With the oldest of the Millennial generation turning 40 this year, that cohort still lags prior generations at a similar point of life in retirement preparation although they are catching up in other ways that they have been behind, says a new report.
The report from the Center for Retirement Research—using data from 2019 and thus not reflecting any effect from the pandemic—shows that the generation born between 1981 and 1999 got off to a slow start for reasons including higher levels of student debt than prior generations, the burst of the dot.com bubble as the oldest of them were starting their careers, and the Great Recession that hit a decade later.
It said that the gaps are starting to close as measured by indicators such as home ownership and percentages who are married at a given age—two characteristics that commonly are linked—with above 60 percent owning a home by age 38, virtually the same as the Baby Boom and Generation X generations.

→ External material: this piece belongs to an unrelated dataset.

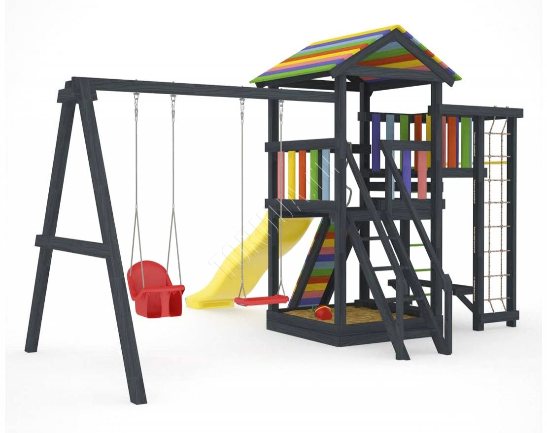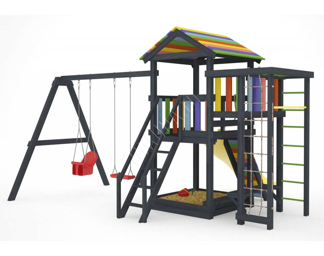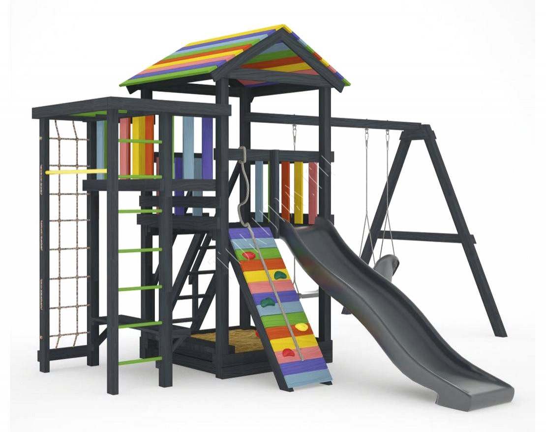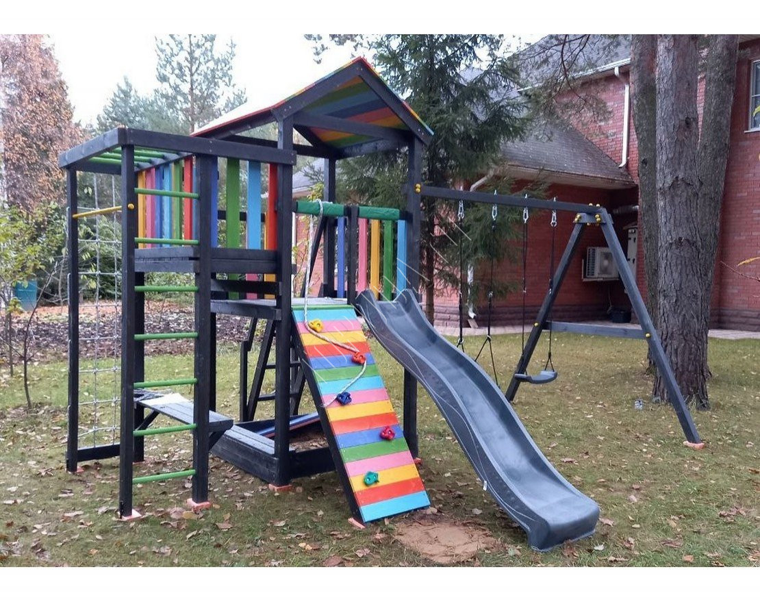 Детская площадка обладает довольно широким функционалом, предназначена для дачи, коттеджа.

However, it said Millennials remain behind pace in retirement preparation by measures such as the ratio of net wealth to annual income and the ratio of debt to income. Student loan debt still is a main factor; 37 percent of them in their late 30s still are paying off such debt, compared with just 13 percent of Boomers and 19 percent of Gen Xers at the same point.
“They are saving for retirement at the rate of earlier generations, but student debt is a constant drag on their balance sheet. Millennials’ lack of wealth in their 30s relative to earlier cohorts should be a source of great concern, given that they will live longer than previous cohorts and will receive less support from Social Security,” it said.

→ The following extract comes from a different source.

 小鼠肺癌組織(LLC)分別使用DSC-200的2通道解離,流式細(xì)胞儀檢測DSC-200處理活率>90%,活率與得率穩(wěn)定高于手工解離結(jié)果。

One factor working in their favor, it added, is that Millennials are the most educated generation, with above 40 percent of both men and women having a college degree.
“A college education continues to have significant economic value. Among Millennials, median earnings in 2018 were two-thirds higher for college graduates than for high school graduates; and their unemployment rate was 4 percentage points lower. One would expect that this higher level of education would bode well for work and earnings,” it said.